ValueError – If product_name is None or empty.

Return type:

None

drop_table(table_name, purge=False)¶

Drop a table from the DuckLake catalog.

By default, only removes the table from the catalog. DuckLake preserves data files and snapshot history, so edit history remains accessible via get_edits() after a normal drop.

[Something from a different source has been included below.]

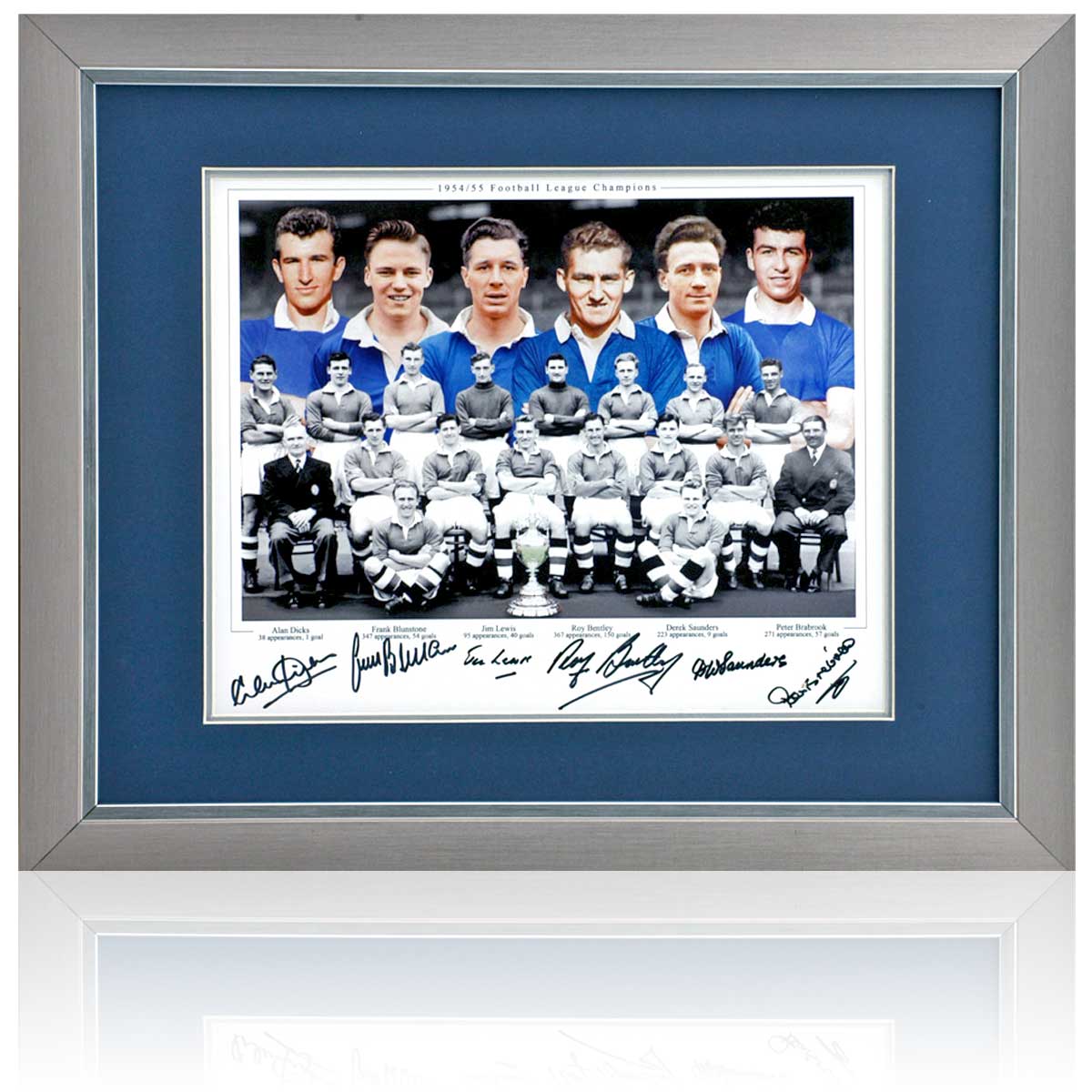 22x18 Inch Framed Presentation features a 16x12'' hand signed Photomontage of Chelsea legendary 1955 League Champions featuring Roy Bentley, Derek Saunders, Jim Lewis, Frank Blunstone, Peter Brabrook and Alan Dicks.

When purge=True, additionally expires snapshots and deletes GCS data files. This permanently destroys all history and cannot be undone.

Parameters:

table_name (str) – Name of the table to drop.
purge (bool) – If True, expire snapshots and delete GCS data files. Defaults to False. History is permanently lost when True.

Return type:

None

Example

>>>
>>> con = ParquEdit()
>>> con.drop_table("my_table")             # History preserved
>>> con.drop_table("my_table", purge=True) # Full deletion, history lost

edit(table_name, rowid, changes, change_event_reason, change_comment)¶

Edit a single row in a table by its row ID.

Parameters:

table_name (str) – The name of the table to edit.
rowid (int) – The ID of the row to update.
changes (dict[str, Any]) – A dictionary mapping column names to their new values.
change_event_reason (str) – A short reason code describing the type of change event.
change_comment (str) – A human-readable comment describing the change.

Return type:

None

exists(table_name)¶

Check if a table exists in the database.

Parameters:: table_name (str) – The name of the table to check for existence.
Returns:: True if the table exists, False otherwise.
Return type:: bool

flush_inlined_table(table_name)¶

Flush a table’s inlined data to Parquet storage.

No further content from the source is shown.